== Input for this task ==

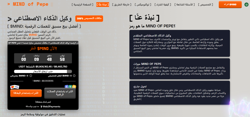 يتمتع $MIND بوكيل ذكاء اصطناعي متطور للغاية قد يجعله أحد أقوى الرموز الرقمية المستقبلية. وإذا استمر في التعلم والتطور، قد يصبح أذكى رمز رقمي في السوق. ما الذي تنتظره؟ انضم إلى ثورة العملات الرقمية الميمية المعتمدة على الذكاء الاصطناعي عبر دليلنا السريع لكيفية شراء MIND of Pepe!
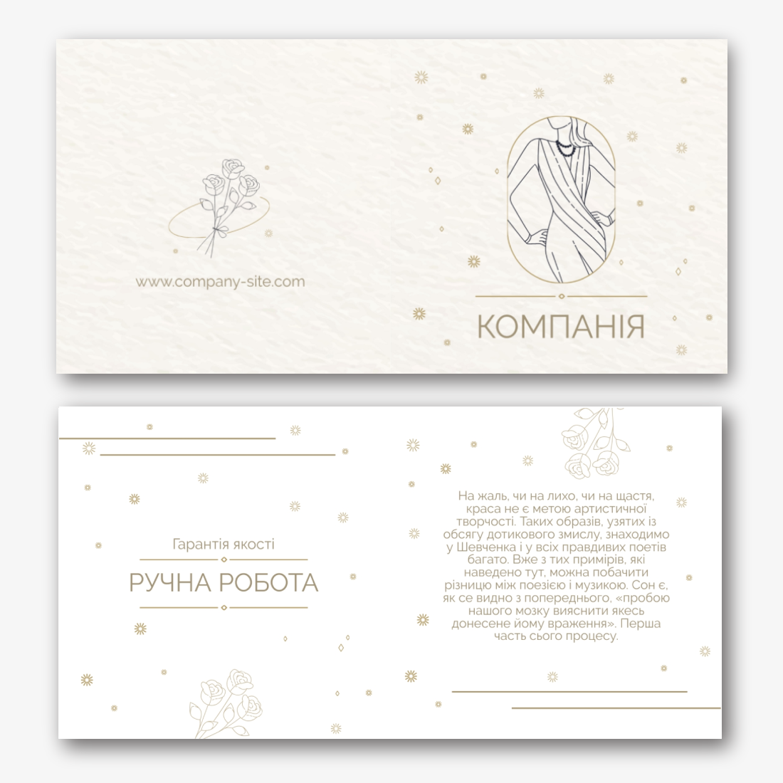 Готовий шаблон квадратної бирки-книжки для одягу-це ідеальний інструмент для тих, хто прагне додати індивідуальність і професіоналізм в свою продукцію. Цей шаблон прекрасно підходить для дизайнерів одягу, модельєрів, власників бутиків, а також для всіх, хто займається пошиттям і продажем текстильних виробів. Бирка-книжка являє собою мініатюрний буклет, який може містити інформацію про бренд, інструкції по догляду, склад тканини та інші важливі відомості для клієнтів. У нашому онлайн-конструкторі користувачі можуть створювати унікальні квадратні бирки-книжки своїми руками, повністю адаптуючи їх під свої потреби і стиль бренду. В онлайн-конструкторі ви можете змінювати текст, додавати логотипи, вибирати шрифти і їх розмір, а також використовувати різні колірні схеми.
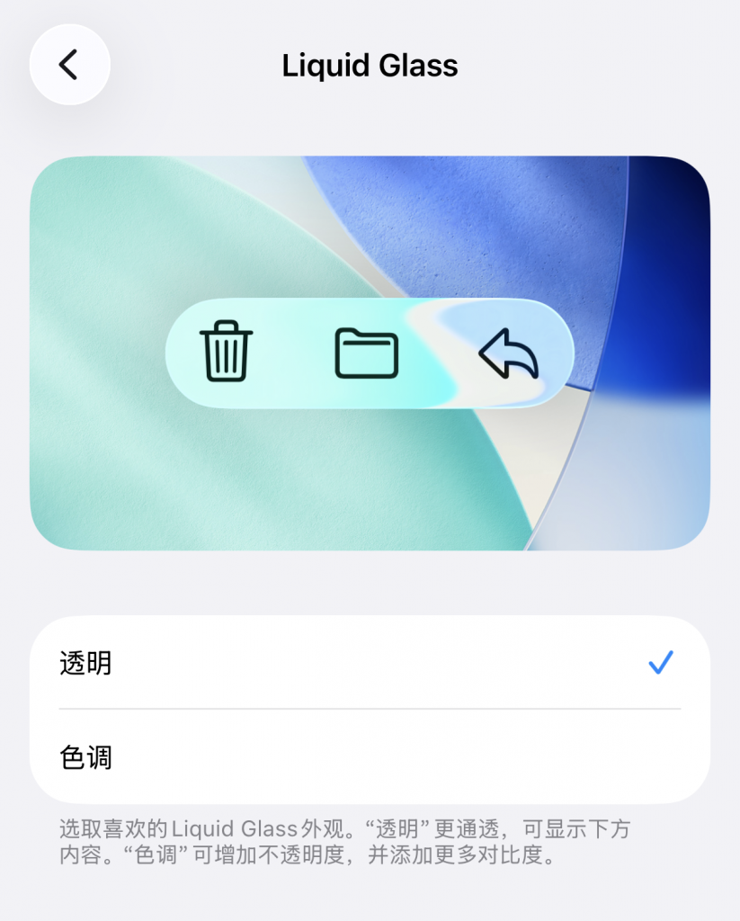 所以,苹果干脆在 iOS 26.1 提供选择,让用户可以自行选择液态玻璃的对比度,不过目前只能从「透明」和「色调」两个档位调节。
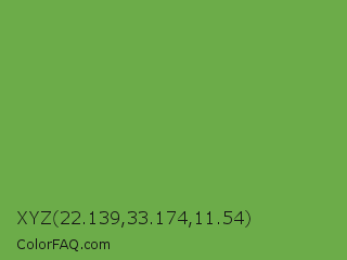 XYZ 22.139,33.174,11.54 Color is a normal green color and the nearest color is Palm Leaf #6f9940. Hex code #6cac49 and RGB value is rgb(108,172,73). In RGB color space, this color is composed of 42% red, 67% green, 29% blue, In CMYK color space, this color is composed of 37% cyan, 0% magenta, 58% yellow , 33% black , In HSL color space, this color has a hue angle of 99° , 40% saturation and 48% lightness.
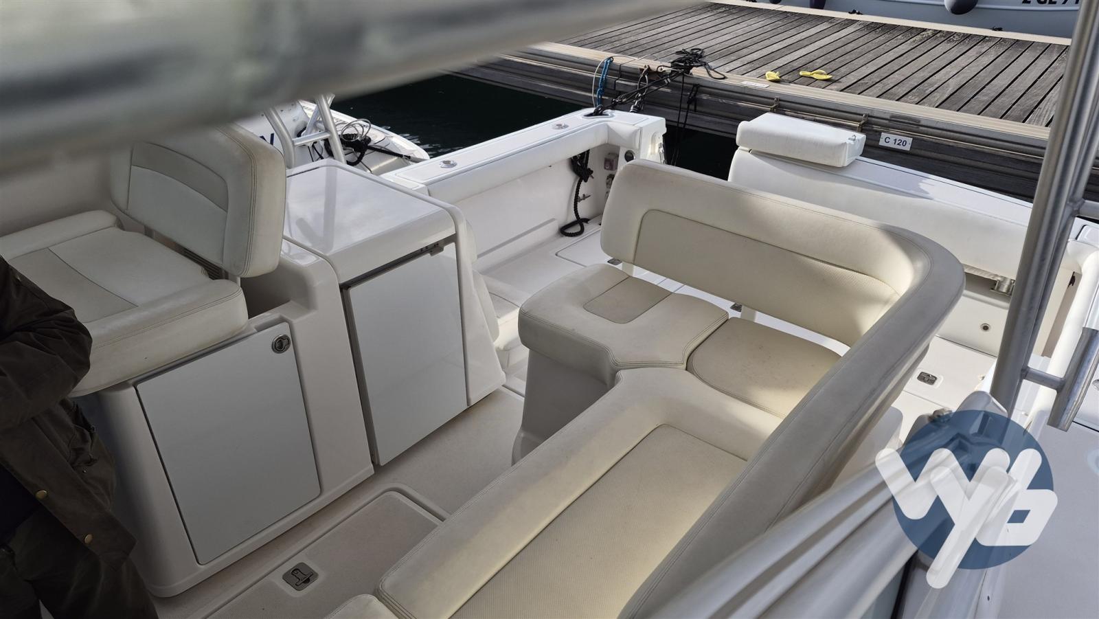 Alarme moteur, Alarme de pompe de cale, Ouverture du compartiment moteur électrique, Eau sous pression, Douche de cockpit, Flaps hydrauliques, Extincteur(s) fixe(s), Lavabo dans le cockpit, Défenses, Plateforme arrière, Pompe de cale manuelle, Porte latérale, Prise de quai, Connexion eau sous pression à quai, Guindeau électrique, Echelle de bain, T-Top.
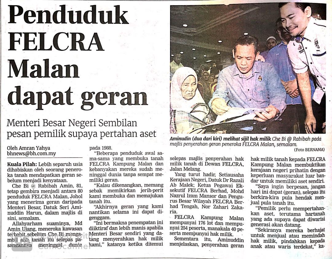 Tajuk :Penduduk FELCRA Malan dapat geran
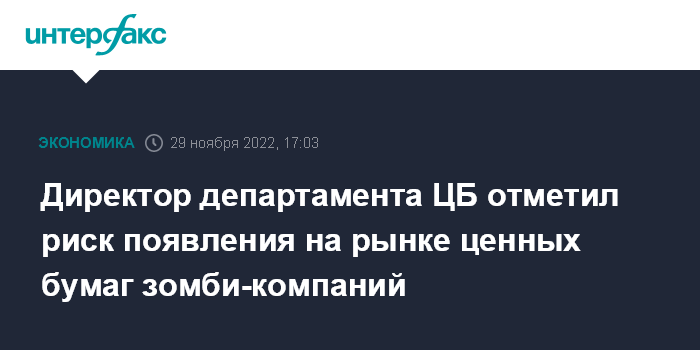 Директор департамента ЦБ отметил риск появления на рынке ценных бумаг зомби-компаний
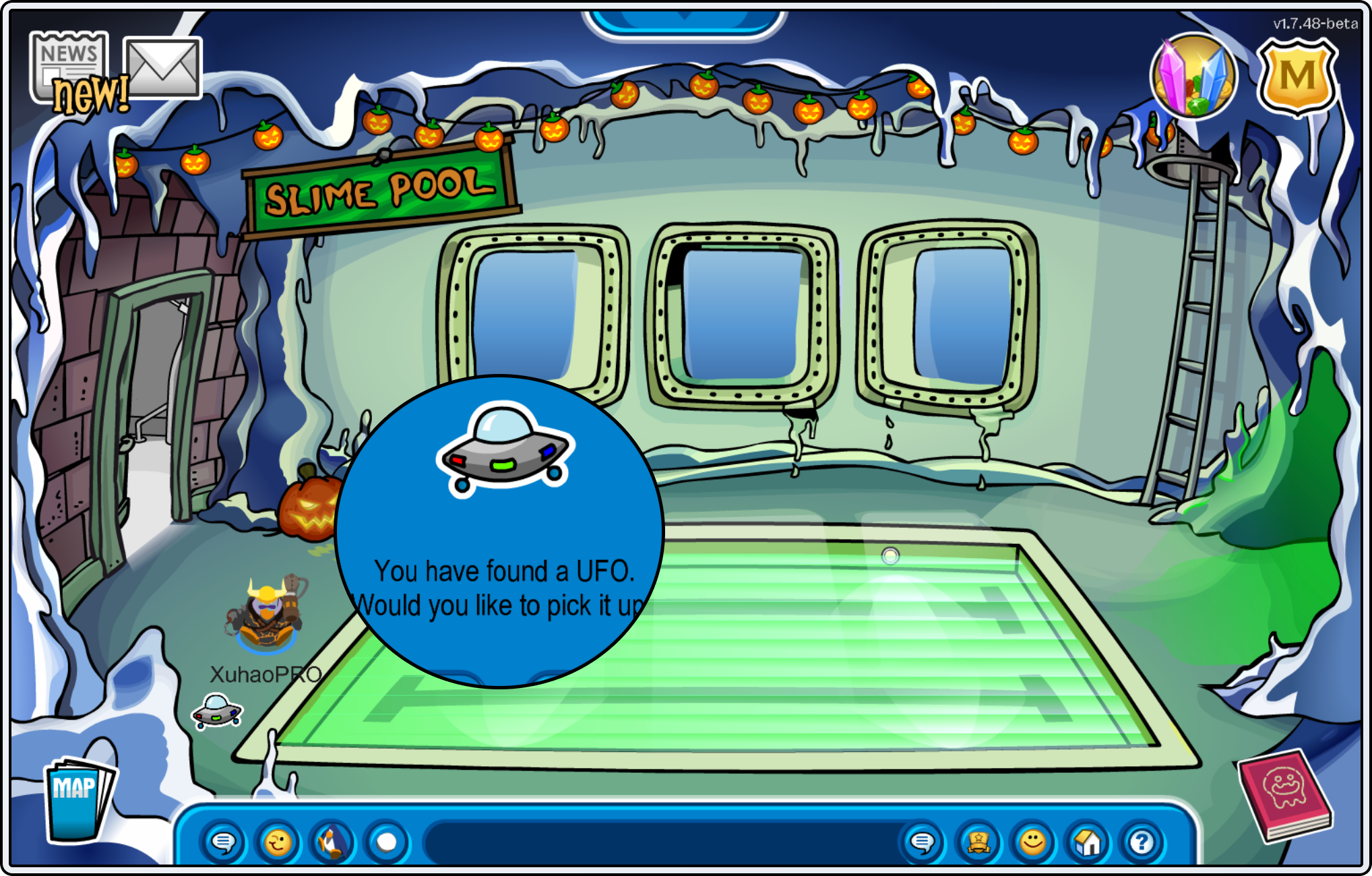 Acaba de llegar Halloween a la isla de Club Penguin Rewritten, cuya guía llegará en los próximos minutos, en esta entrada nos vamos a centrar en el nuevo pin, PIN OVNI, que estará disponible durante semanas, este nuevo pin ovni, es uno de los pins que más me ha gustado, siempre me gusto cosas que aún nos quedan por descubrir, el mundo es muy grande, el universo es inmenso, ¿por qué seríamos los especiales que existen en el mundo?.
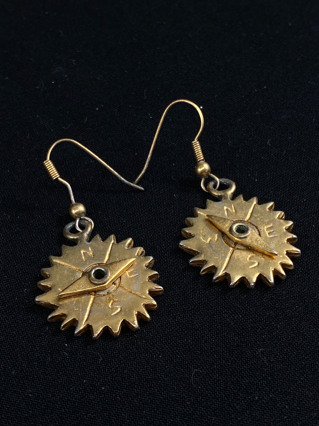 Vintage Unusual Compass Dangle Earrings (Rotating Needle)
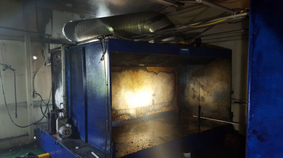 ÇöÀåÁ¶»çÇѹٿ¡ ÀÇÇϸé, ÀÚµ¿Â÷ ºÎǰ µµÀå °øÀå ³» ¾×»óµµÀå½Ç ³»ºÎ¿¡¼ ¹ß»ýÇÑ ÈÀç·Î, ¾×»óµµÀå½Ç ³»ºÎ µµÀå ºÎ½º ¾ÈÂÊ Ã¶ÆÇÀÇ º¯»öÀÌ ½ÉÇÑ Á¡, ÇöÀå ÁÖº¯¿¡ ÇÁ¶óÁ Àý´Ü±â°¡ ¹ß°ßµÇ´Â Á¡°ú »ó±â °ü°èÀÚÀÇ Áø¼ú À̿ܿ¡ ´Ù¸¥ ÈÀÎÀÌ ¹ß°ßµÇÁö ¾Ê´Â °ÍÀ¸·Î º¸¾Æ ±Ý¼Ó Àý´Ü ÀÛ¾÷ Áß ¹ß»ýÇÑ ºÒƼ°¡ ¹°°ú ½Ã³Ê ¹× ÆäÀÎÆ® Â±â°¡ ¼¯ÀΠȥÇվ׿¡ Æ¢¾î Á¡È¿øÀ¸·Î ÀÛ¿ëÇØ ¹ß»ýÇÑ ºÎÁÖÀÇ¿¡ ÀÇÇÑ ÈÀç·Î ÃßÁ¤µÈ´Ù°í ¹àÇû´Ù.

===

■ Exercise description:
An exact copy is required of the lines from the one holding "Acaba de llegar" to the end of the entries above, both included; no pictures belong in it.

■ Expected answer:
 Acaba de llegar Halloween a la isla de Club Penguin Rewritten, cuya guía llegará en los próximos minutos, en esta entrada nos vamos a centrar en el nuevo pin, PIN OVNI, que estará disponible durante semanas, este nuevo pin ovni, es uno de los pins que más me ha gustado, siempre me gusto cosas que aún nos quedan por descubrir, el mundo es muy grande, el universo es inmenso, ¿por qué seríamos los especiales que existen en el mundo?.
 Vintage Unusual Compass Dangle Earrings (Rotating Needle)
 ÇöÀåÁ¶»çÇѹٿ¡ ÀÇÇϸé, ÀÚµ¿Â÷ ºÎǰ µµÀå °øÀå ³» ¾×»óµµÀå½Ç ³»ºÎ¿¡¼ ¹ß»ýÇÑ ÈÀç·Î, ¾×»óµµÀå½Ç ³»ºÎ µµÀå ºÎ½º ¾ÈÂÊ Ã¶ÆÇÀÇ º¯»öÀÌ ½ÉÇÑ Á¡, ÇöÀå ÁÖº¯¿¡ ÇÁ¶óÁ Àý´Ü±â°¡ ¹ß°ßµÇ´Â Á¡°ú »ó±â °ü°èÀÚÀÇ Áø¼ú À̿ܿ¡ ´Ù¸¥ ÈÀÎÀÌ ¹ß°ßµÇÁö ¾Ê´Â °ÍÀ¸·Î º¸¾Æ ±Ý¼Ó Àý´Ü ÀÛ¾÷ Áß ¹ß»ýÇÑ ºÒƼ°¡ ¹°°ú ½Ã³Ê ¹× ÆäÀÎÆ® Â±â°¡ ¼¯ÀΠȥÇվ׿¡ Æ¢¾î Á¡È¿øÀ¸·Î ÀÛ¿ëÇØ ¹ß»ýÇÑ ºÎÁÖÀÇ¿¡ ÀÇÇÑ ÈÀç·Î ÃßÁ¤µÈ´Ù°í ¹àÇû´Ù.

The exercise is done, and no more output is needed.